In my dashboard, I’ve set up multiple search terms. I’ve chosen some topics and sponsors of bills. We have Health, Immigration, Guns, Obama, Clinton and Daschle. I’ve added in some filters to limit the search index to the bills and set up a date range. The date range is from 2005 through 2012 even though I only have a couple of years worth of data indexed. We are shown a dataset of 9,428 bills.
Screen Shot 2014-02-01 at 11.48.01 AM

Let’s look at an easy way to see when the term “Affordable Care Act” showed up in various bills. This is easily done by adding this as a filter.
Screen Shot 2014-02-01 at 12.30.18 PM
In order to see this over time, we need to add a row and a Histogram panel. In setting up the panel, we set the timefield to the search field “introduceddate”, adjusted the chart settings to show line, legend, x and y axis legends and then choose an interval. I choose an 8 week interval. Once this is added, the histogram will show the bills mentioning the term “Affordable Health Care” in relation to the other search terms. In our example, we see the first mention begin in early 2010 and various bills introduced over the next two years. We also see that the term “immigration” shows up in 8 bills and none of the other search terms appear at all.
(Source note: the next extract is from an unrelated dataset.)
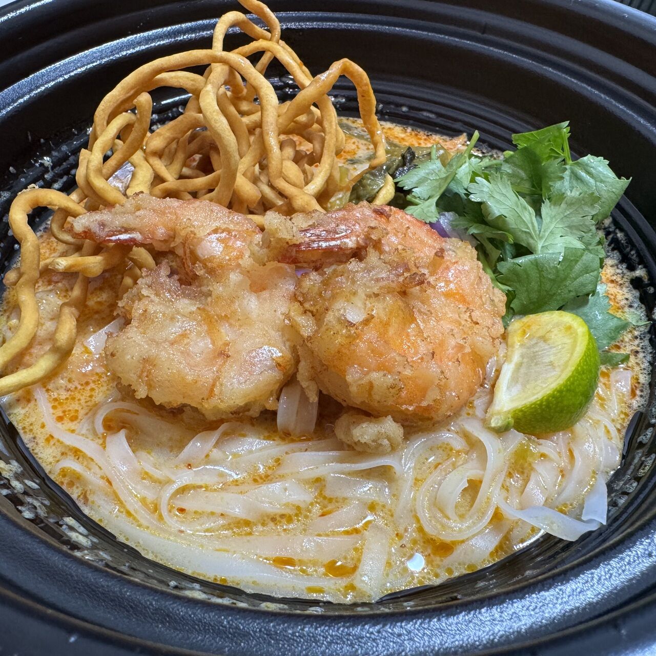 タイ料理で人気のカオソーイにガーリックシュリンプを乗せてハワイ風に仕上げました。ココナッツミルクの入ったカレーラーメンです。
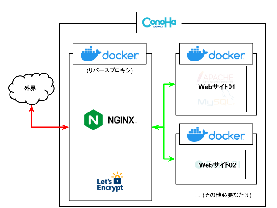 今回はこの構成をVPS(ConoHa)上のDockerで構築していきます。ちなみに、ConoHa上でのDocker構築は以前記事にしましたので、まだ構築していない方は参考にしていただけると幸いです (ConoHaのDockerイメージを使ってもらっていいと思います)。

Down below, we add a table panel to allow us to see details from the raw records. We can look at the sponsor, bill text, and other values. Kibana allows us to expand each record, look at the data in raw, json or table format and allows you to select which columns to view. We can also run a quick histogram on any of the fields as shown below. Here I clicked on the bill sponsor to see who is the most common sponsor.
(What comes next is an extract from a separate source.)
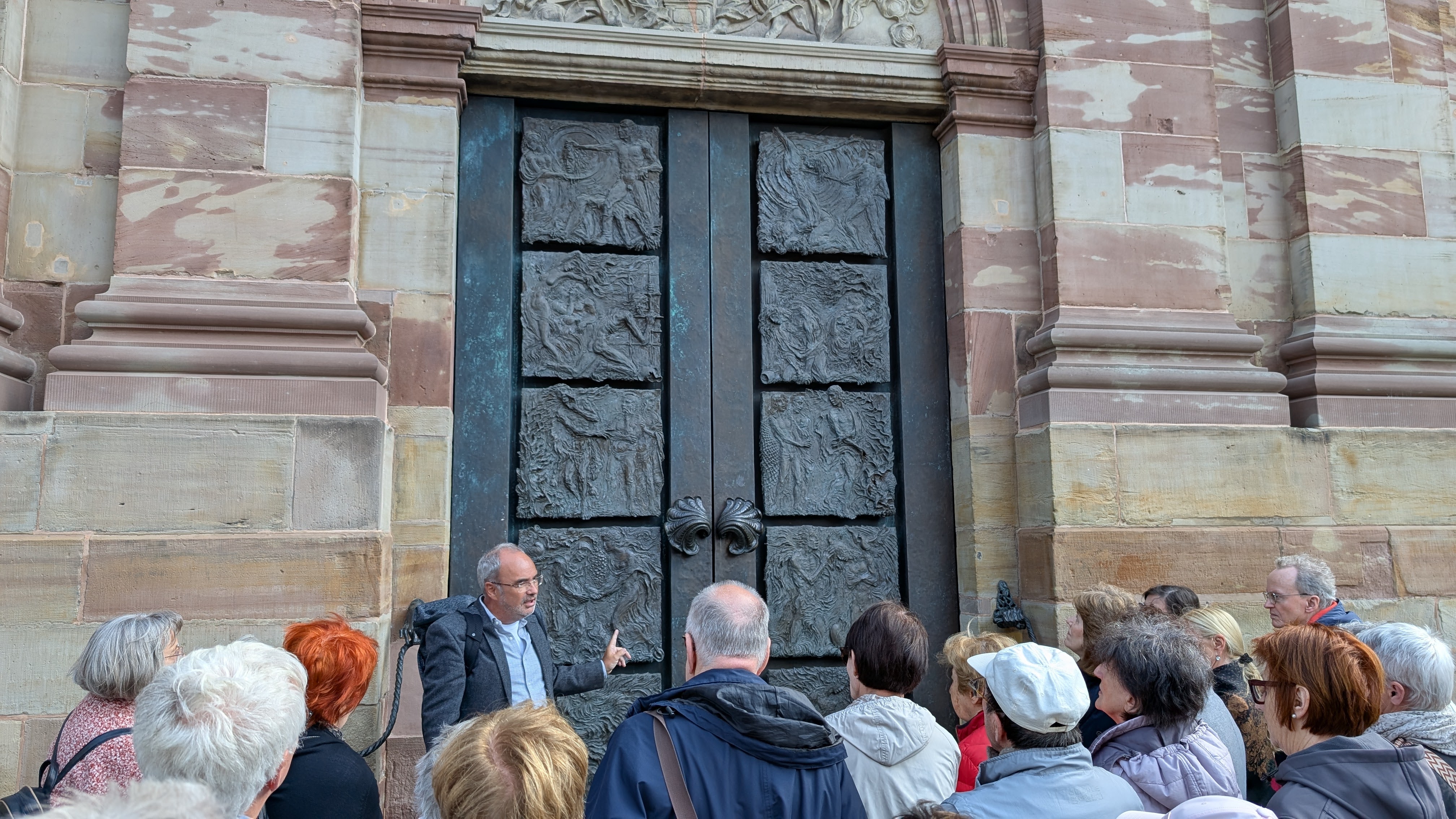 Am Portal der Basilika St. Johann erläuterte Heribert Denzer die symbolreiche Gestaltung der Türflügel, die in Ernst Alts unverkennbarem Stil biblische Themen mit dramatischer Ausdruckskraft verbindet. An der Gestaltung des Portals arbeitete er 12 Jahre lang (1974-1986) und entwarf hierfür im Vorfeld Hunderte von Zeichnungen. Nicht nur die Außen-, sondern auch die Innenseite des Portals mit Januskopf als Türgriff ist bemerkenswert (Inschrift: „Bonus intra – Melior exi“, „Als Guter gehe ein – als Besserer hinaus“).

Screen Shot 2014-02-01 at 11.54.07 AM

We’ll add one other panel. This is the Popular Terms panel. This shows us by count the most popular terms in the filtered result set. Kibana allows you to exclude terms and set the display as either bar chart, pie chart or a table.
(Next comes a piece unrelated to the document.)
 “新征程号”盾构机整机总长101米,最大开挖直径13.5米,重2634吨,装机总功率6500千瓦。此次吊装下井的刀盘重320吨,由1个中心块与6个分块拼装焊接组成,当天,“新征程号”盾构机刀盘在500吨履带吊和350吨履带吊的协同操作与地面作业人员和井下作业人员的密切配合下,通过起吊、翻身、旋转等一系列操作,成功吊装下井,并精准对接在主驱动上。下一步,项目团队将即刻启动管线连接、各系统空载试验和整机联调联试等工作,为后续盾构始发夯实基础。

Screen Shot 2014-02-01 at 12.39.23 PM

I created another quick dashboard that queries for the term “Patient Protection and Affordable Care Act”. I added a row to the dashboard and added a map panel. The map panel allows you to choose between a world map, US map or European map. Linking the US map to the ‘sponsorstate’ field, I am quickly able to see where the most bills were sponsored that discussed “Patient Protection and Affordable Care Act”. I can also see that Oregon, North Dakota and Indiana had no sponsors. That dashboard is below:

Map panel for bill sponsorship

Kibana Dashboard for FBO data
Kibana allows you to create different dashboards for different data sets. I’ll create a dashboard for the FBO data and do some similar queries. The first step is to create the queries for “sole source”, “small business”, “research and development”, “medical care” and “medicare”. I created a time filter on the contract award date and then set the agency name to the “Bureau of Prisons”. Finally, I added in a histogram to show when these terms showed up in the contract description. “Small business” is by far the most popular of those terms.
Screen Shot 2014-02-01 at 12.19.01 PM

One of the neat things is that you can easily modify the histogram date range. In this case, I’m using an 8 week window but could easily drill in or out. And you can draw a box within the histogram to drill into a specific date range. Again, so much easier and interactive. No need to re-run a job based on new criteria or a new date range.

Kibana allows you to page through the results. You can easily modify the number of results and the number of results per page. In this case, I’ve set up 10 results per page with a maximum of 20 pages. You can open each result and see each field’s data in a table, json or raw format.

Screen Shot 2014-02-05 at 12.35.07 PM

The so-what
Using Elasticsearch and Kibana with both the FBO and the GovTrack data was great since both had data with a timestamp. While the Elasticsearch stack is normally thought of in the terms of ELK (Elasticsearch, Logstash, and Kibana), using non-logstash data worked out great. Kibana is straight-forward to use and provides the ability to drill down into data easily. You don’t have to configure a data stream or set up a javascript visualization library. All of the heavy lifting is done for you. It is definitely worth your time to check it out and experiment with it.